START TASK INPUTS

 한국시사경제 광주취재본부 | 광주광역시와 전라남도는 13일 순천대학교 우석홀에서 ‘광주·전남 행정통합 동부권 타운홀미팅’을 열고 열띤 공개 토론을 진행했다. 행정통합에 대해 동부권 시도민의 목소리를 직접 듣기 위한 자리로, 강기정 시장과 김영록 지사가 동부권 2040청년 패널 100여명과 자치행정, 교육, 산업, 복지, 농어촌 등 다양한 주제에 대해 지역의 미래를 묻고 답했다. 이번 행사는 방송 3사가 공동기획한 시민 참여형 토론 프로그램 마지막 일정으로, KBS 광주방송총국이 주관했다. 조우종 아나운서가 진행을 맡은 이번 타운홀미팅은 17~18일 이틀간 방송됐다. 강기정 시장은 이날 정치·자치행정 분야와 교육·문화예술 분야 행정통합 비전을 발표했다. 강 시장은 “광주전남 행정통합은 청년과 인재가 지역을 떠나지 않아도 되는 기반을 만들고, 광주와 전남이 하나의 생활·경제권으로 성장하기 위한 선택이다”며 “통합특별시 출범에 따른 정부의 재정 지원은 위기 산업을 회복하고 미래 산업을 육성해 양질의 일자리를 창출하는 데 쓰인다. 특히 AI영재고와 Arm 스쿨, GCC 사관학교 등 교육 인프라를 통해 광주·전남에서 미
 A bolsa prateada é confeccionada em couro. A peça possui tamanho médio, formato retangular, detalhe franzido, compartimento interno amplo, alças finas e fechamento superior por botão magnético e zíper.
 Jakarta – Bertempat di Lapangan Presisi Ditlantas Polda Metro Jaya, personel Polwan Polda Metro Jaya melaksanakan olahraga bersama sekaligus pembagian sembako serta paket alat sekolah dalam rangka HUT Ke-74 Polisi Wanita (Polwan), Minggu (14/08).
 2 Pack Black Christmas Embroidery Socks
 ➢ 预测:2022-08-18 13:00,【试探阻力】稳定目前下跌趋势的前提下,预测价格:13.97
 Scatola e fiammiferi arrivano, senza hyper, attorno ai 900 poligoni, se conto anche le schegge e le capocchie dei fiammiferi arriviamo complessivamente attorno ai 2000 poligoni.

END TASK INPUTS
START TASK INPUTS

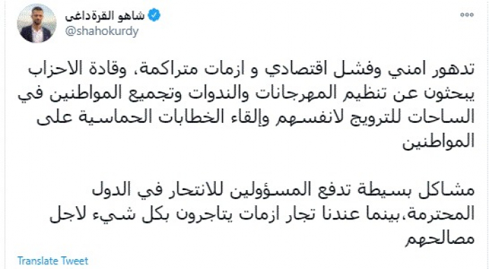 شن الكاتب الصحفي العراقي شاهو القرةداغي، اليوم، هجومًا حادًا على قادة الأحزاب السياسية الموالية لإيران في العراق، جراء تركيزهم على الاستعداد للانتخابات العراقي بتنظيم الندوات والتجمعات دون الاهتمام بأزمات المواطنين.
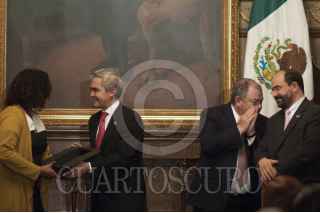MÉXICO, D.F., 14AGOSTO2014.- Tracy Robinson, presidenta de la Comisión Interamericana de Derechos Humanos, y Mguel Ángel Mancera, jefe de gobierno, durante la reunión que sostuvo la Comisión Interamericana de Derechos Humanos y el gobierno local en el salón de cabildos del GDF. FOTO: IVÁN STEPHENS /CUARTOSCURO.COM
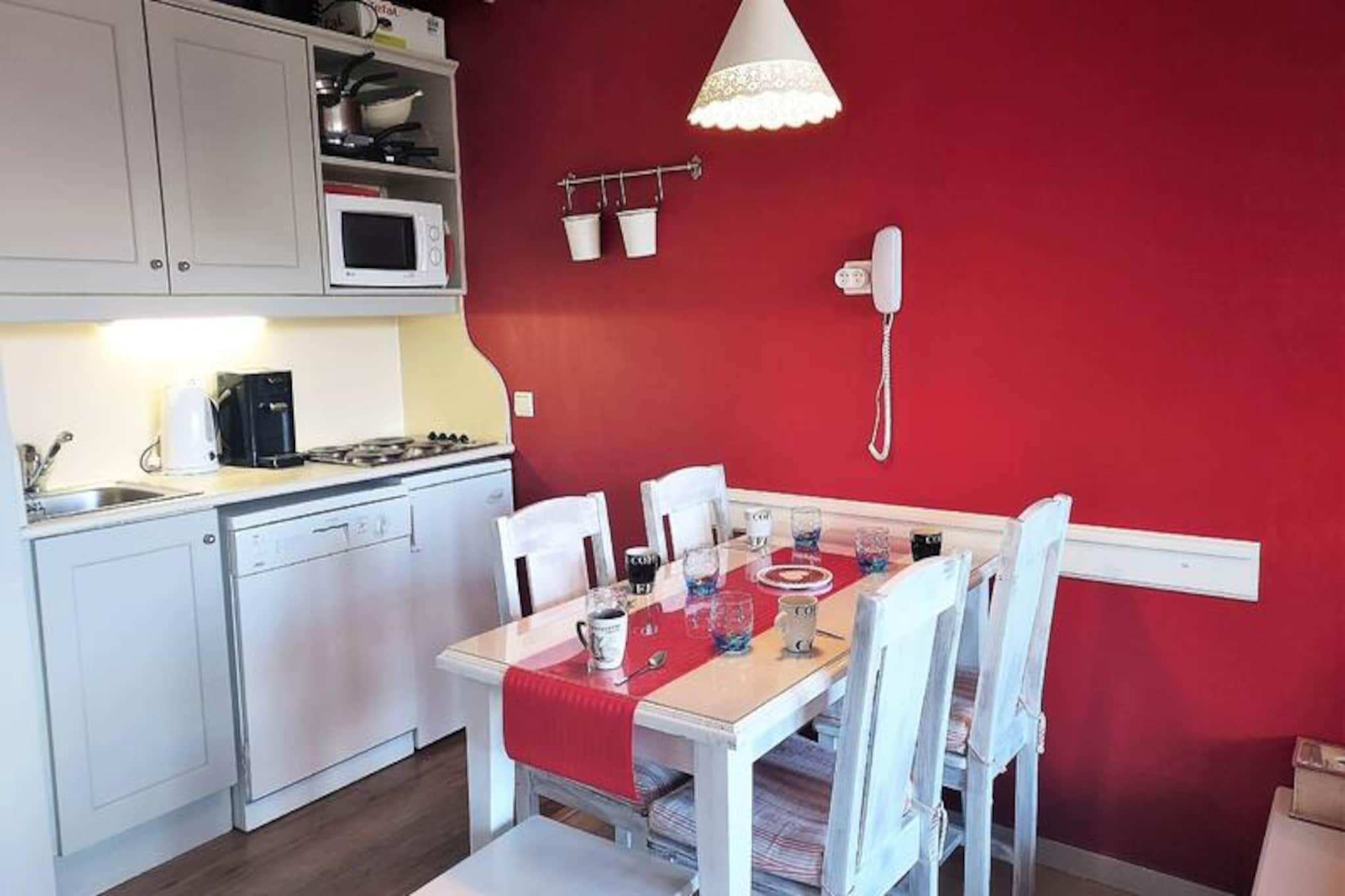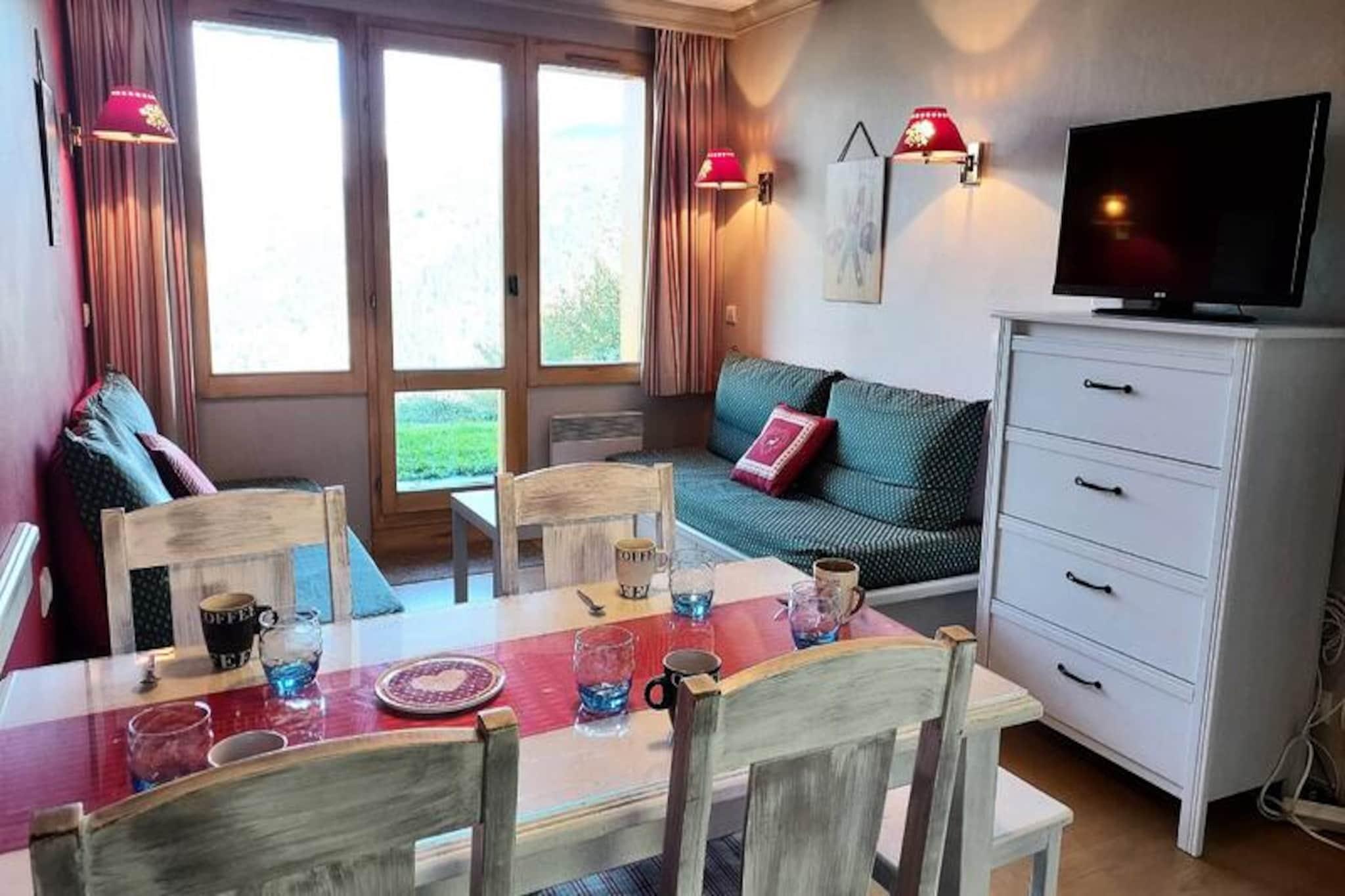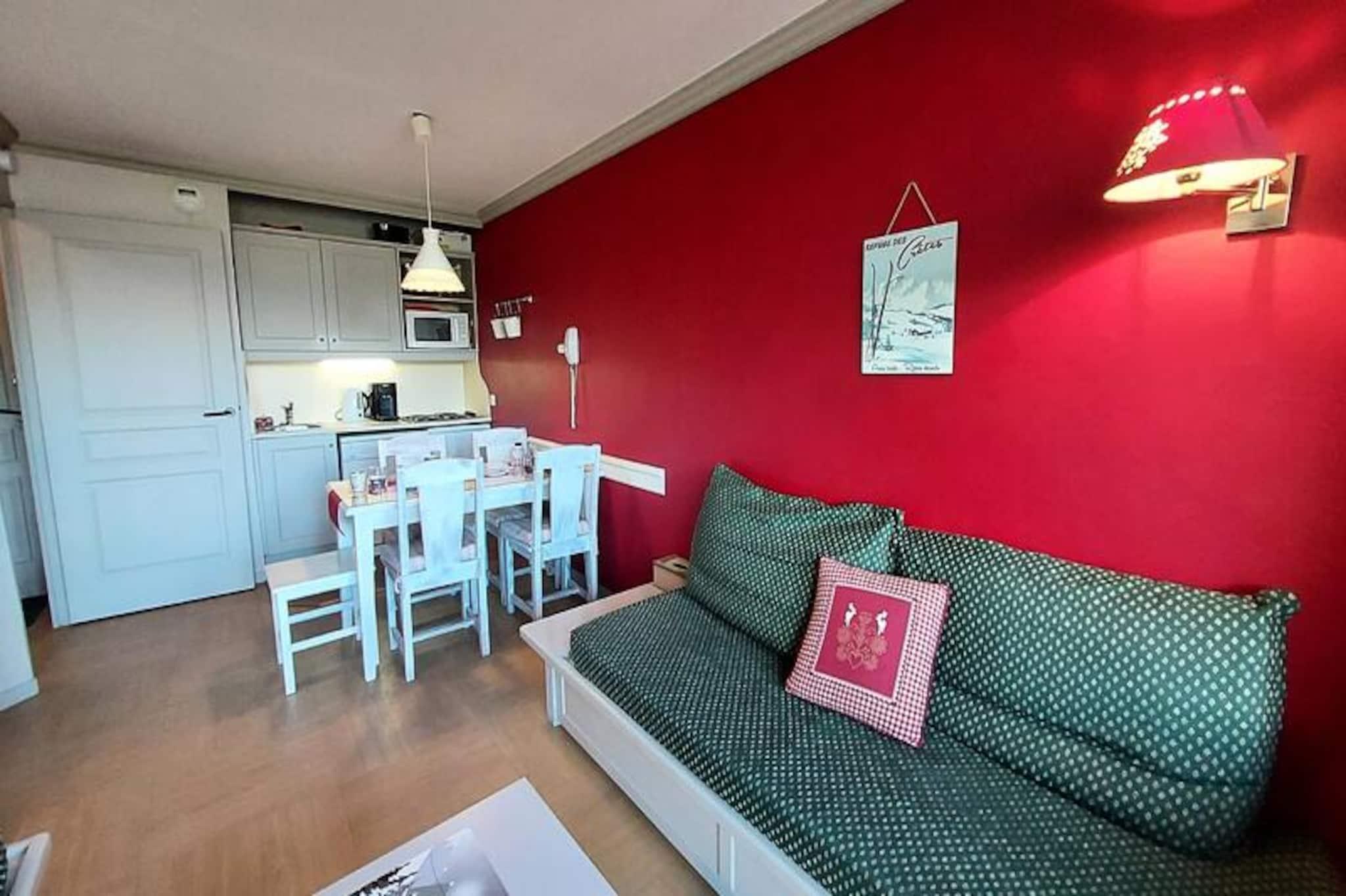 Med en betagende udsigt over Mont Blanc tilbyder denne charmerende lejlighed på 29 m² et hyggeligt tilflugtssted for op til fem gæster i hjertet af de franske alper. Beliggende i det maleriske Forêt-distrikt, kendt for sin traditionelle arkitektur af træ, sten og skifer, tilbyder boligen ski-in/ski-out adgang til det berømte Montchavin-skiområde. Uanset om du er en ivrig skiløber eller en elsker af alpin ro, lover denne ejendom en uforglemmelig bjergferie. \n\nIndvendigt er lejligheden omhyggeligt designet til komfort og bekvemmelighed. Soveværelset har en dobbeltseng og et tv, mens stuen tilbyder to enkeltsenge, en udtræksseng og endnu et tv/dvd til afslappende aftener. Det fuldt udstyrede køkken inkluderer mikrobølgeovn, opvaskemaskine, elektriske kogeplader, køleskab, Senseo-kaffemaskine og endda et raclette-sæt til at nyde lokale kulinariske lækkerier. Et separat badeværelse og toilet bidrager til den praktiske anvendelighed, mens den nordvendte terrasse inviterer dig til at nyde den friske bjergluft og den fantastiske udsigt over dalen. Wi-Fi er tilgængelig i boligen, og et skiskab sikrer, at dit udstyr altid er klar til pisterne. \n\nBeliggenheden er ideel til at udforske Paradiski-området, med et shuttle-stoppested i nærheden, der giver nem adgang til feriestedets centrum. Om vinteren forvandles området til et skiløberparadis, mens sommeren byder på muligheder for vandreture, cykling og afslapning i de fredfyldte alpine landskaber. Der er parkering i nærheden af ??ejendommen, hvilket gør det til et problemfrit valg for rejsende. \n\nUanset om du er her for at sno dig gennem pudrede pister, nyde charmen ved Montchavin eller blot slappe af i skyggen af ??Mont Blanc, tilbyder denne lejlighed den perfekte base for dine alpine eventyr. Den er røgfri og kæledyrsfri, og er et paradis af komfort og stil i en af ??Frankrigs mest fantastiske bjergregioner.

END TASK INPUTS

### [WHAT YOU SHOULD DO]
Your answer must be everything above from the line with "شن الكاتب الصحفي" down to the line with "MÉXICO, D.F., 14AGOSTO2014.- Tracy", word for word, and no pictures.

### [TASK RESPONSE]
 شن الكاتب الصحفي العراقي شاهو القرةداغي، اليوم، هجومًا حادًا على قادة الأحزاب السياسية الموالية لإيران في العراق، جراء تركيزهم على الاستعداد للانتخابات العراقي بتنظيم الندوات والتجمعات دون الاهتمام بأزمات المواطنين.
MÉXICO, D.F., 14AGOSTO2014.- Tracy Robinson, presidenta de la Comisión Interamericana de Derechos Humanos, y Mguel Ángel Mancera, jefe de gobierno, durante la reunión que sostuvo la Comisión Interamericana de Derechos Humanos y el gobierno local en el salón de cabildos del GDF. FOTO: IVÁN STEPHENS /CUARTOSCURO.COM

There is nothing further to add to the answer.